Alors que la récolte des oignons tire à sa fin, Bruno Piat, General Manager, Cane Cultivation and Diversification à Medine Agriculture, commente la production de cette année. Il aborde également d’autres questions d’envergure nationale telle l’utilisation d’intrants biologiques.

BUSINESSMAG. La récolte d’oignons, qui débute en octobre, s’achèvera dans quelques jours. Quelle place occupe cette plante dans la production de Medine Agriculture ?

L’oignon constitue la part la plus importante de notre production, soit 36 % en termes de tonnage et de recettes. Nous sommes assez satisfaits du rendement de cette année. Nous pensons récolter 1 450 tonnes d’oignons, c’est-à-dire environ 60 tonnes de plus que l’an dernier. En général, les Mauriciens préfèrent les oignons rouges, qui représentent 80 % de notre production. Nous en cultivons quatre types.

 

BUSINESSMAG. À quoi attribuez-vous cette augmentation ?

Il faut préciser que cette augmentation provient d’un meilleur rendement à l’hectare et non d’une superficie additionnelle dédiée à la culture de l’oignon. Elle s’explique donc par les pratiques culturales que nous adoptons et améliorons constamment depuis plus de quinze ans. En outre, le climat a été très favorable ces derniers mois. Lorsque l’hiver est froid et sec, les risques de maladies sont considérablement réduits.

 

BUSINESSMAG. Quelle est la contribution de Medine Agriculture à la production nationale de fruits et légumes ?

Nous ne sommes pas loin des 4 000 tonnes de produits frais, ce qui représente 4 % de la production nationale. Nous récolterons cette année 600 tonnes de carottes, 630 tonnes de pommes d’amour, 500 tonnes de giraumons, 350 tonnes de pommes de terre, 80 tonnes de laitues et 45 tonnes de produits divers, tels que le «butternut» (un type de courge) et la tomate. Du côté des fruits, notre produit phare est la banane et notre récolte est estimée à 175 tonnes. Ensuite, nous produirons environ 20 tonnes de mangues, 13 tonnes de jujubes et 9 tonnes de litchis.

 

BUSINESSMAG. À quels marchés votre production est-elle destinée ?

La majeure partie est écoulée par les grossistes, qui absorbent 50 % de notre production. Ensuite, viennent, dans l’ordre : les détaillants et distributeurs (35 %), les supermarchés, qui commercialisent notre marque «Jardins de Medine» (13 %) et, finalement, les restaurants, traiteurs et hôtels (2 %).

 

BUSINESSMAG. Dans le rapport annuel 2015 de Medine, il était question de freiner la diversification de votre secteur fruits et légumes afin de limiter les pertes. Qu’en est-il aujourd’hui ?

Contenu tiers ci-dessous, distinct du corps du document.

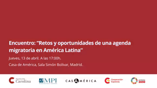 Fundación Carolina y Migration Policy Institute, celebran el Encuentro: "Retos y oportunidades de una agenda migratoria en América Latina", el próximo jueves 13 de abril a las 17:00h, en la Sala Simón Bolívar de Casa de América (Madrid).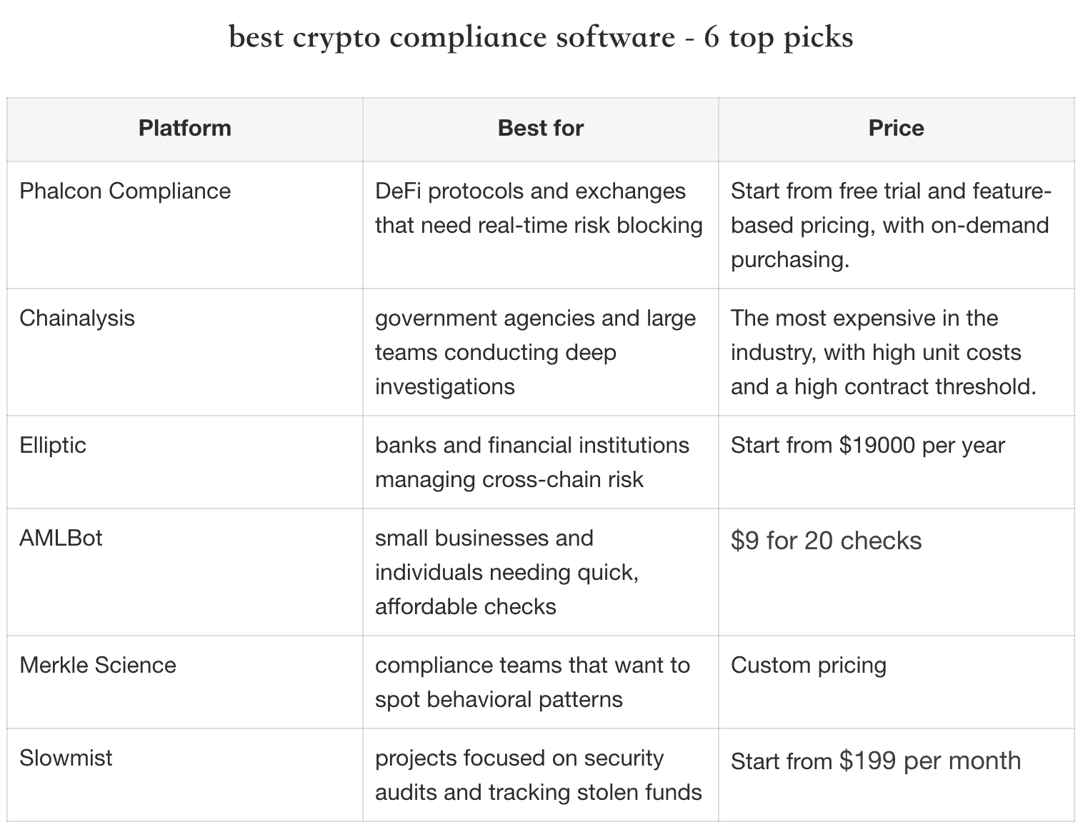 Die Wahl des richtigen Partners ist der beste Weg, um das Gesetz einzuhalten und Ihr Krypto-Unternehmen zu schützen. Im Folgenden betrachten wir die besten Krypto-Compliance-Softwareoptionen, die Ihnen die Macht geben, legal zu bleiben und Ihren Betrieb sicher zu halten.

Notre secteur fruits et légumes se porte nettement mieux. Les deux dernières années ont été très encourageantes. Après les résultats financiers décevants de 2013, nous avons entièrement repensé le projet. Nous avons identifié les terres sous culture vivrière dont les rendements étaient inférieurs et les avons converties en plantations de canne à sucre. Par contre, dans les champs dits à fort potentiel, nous avons travaillé à optimiser les rendements et à diminuer les rebuts. Résultat : sur une superficie réduite de moitié, nous produisons 75 % de ce que nous faisions précédemment. En d’autres mots, alors que nous produisions 5 000 tonnes sur 275 hectares de terre, nous produisons en moyenne 3 800 tonnes sur 125 hectares. Accroître la productivité des terrains est un exercice permanent auquel s’attelle une équipe de professionnels passionnée et pleine de ressources.

 

BUSINESSMAG. Vous projetiez également de vendre un volume plus important de produits sous la marque «Jardins de Medine»…

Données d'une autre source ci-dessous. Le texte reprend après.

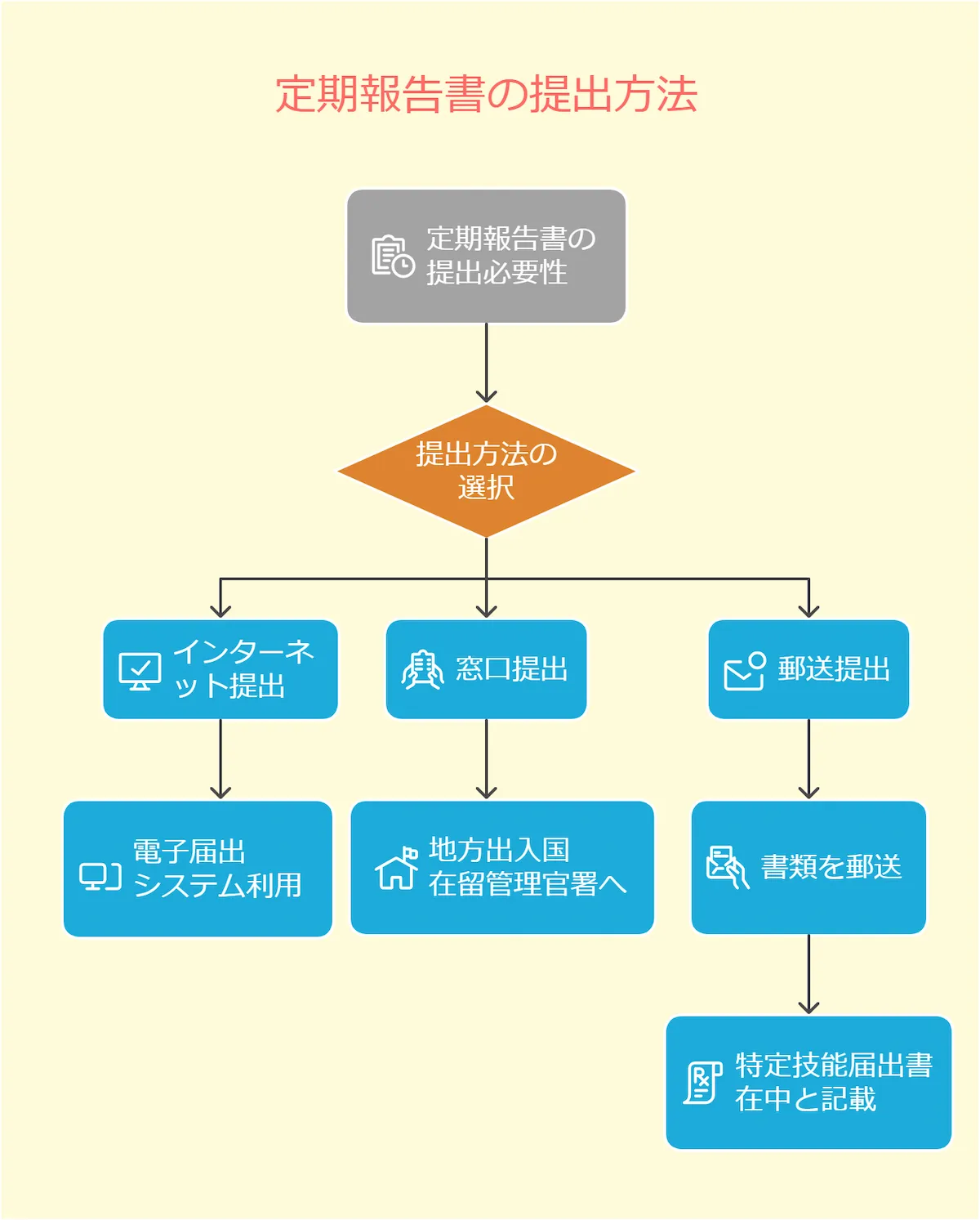 定期報告書は、1年に1度提出する必要があります。提出方法は以下の3つです。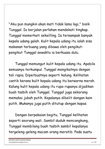 Tunggal memungut kulit kepala udang itu. Apabila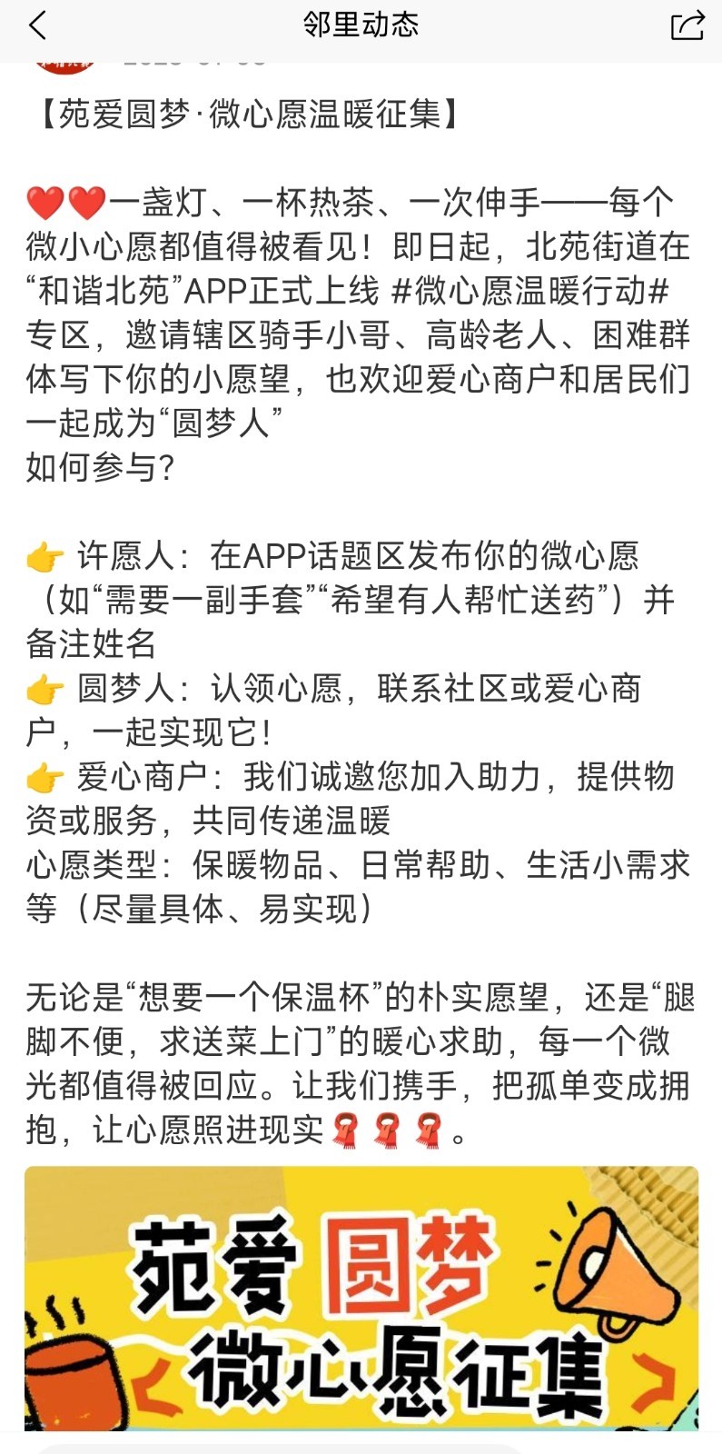 活动前夕,北苑街道依托“和谐北苑”APP,面向辖区新就业群体启动“微心愿”征集活动,聚焦新就业群体在生活、工作中的实际需求。征集通知发出后,辖区骑手们积极响应,纷纷登录APP写下心愿,暖宝宝、充电宝、保温杯、防风眼镜、手机支架等送餐途中常用的实用物品,成为大家的主要心愿。

Notre marque «Jardins de Medine» a été lancée en septembre 2012. Cette année-là, nous avons écoulé 7 % de notre production sous ce label et très rapidement, ce chiffre a doublé. Cette année, nous prévoyons d’écouler 16 % de notre production sous la marque «Jardins de Medine», ce qui représentera 26 % du chiffre d’affaires total de notre activité fruits et légumes. L’intérêt des consommateurs pour ces produits de première qualité va grandissant.

 

BUSINESSMAG. Selon vos résultats financiers au 30 juin 2016, les revenus du pôle Agriculture ont augmenté de Rs 56 M, passant à Rs 789 M. Quelle est la contribution de la culture vivrière et de l’élevage de poulets de chair à cette recette ? Est-elle appelée à croître ?

De ces Rs 789 millions, 12 % proviennent des fruits et légumes, soit Rs 94 millions, ce qui représente une amélioration par rapport à l’année précédente (Rs 83 millions). Cette augmentation de Rs 56 millions provient principalement de la production de poulets de chair qui était auparavant sous Sodia Ltd, filiale dissoute en décembre 2015 et incorporée à Medine Ltd. La plus grosse activité, qui reste le sucre, n’a pas subi de grands changements en termes de recette, ces deux dernières années.

Cette année, les fruits et légumes devraient représenter 10 % du budget et la production de poulets de chair, 15 %, pour un chiffre d’affaires total de Rs 948 millions pour le pôle Agriculture. Cette augmentation par rapport à l’année 2015-16 est cette fois principalement due à l’intégration complète de la production de poulets de chair à Medine Ltd et la production énergétique à partir de la bagasse.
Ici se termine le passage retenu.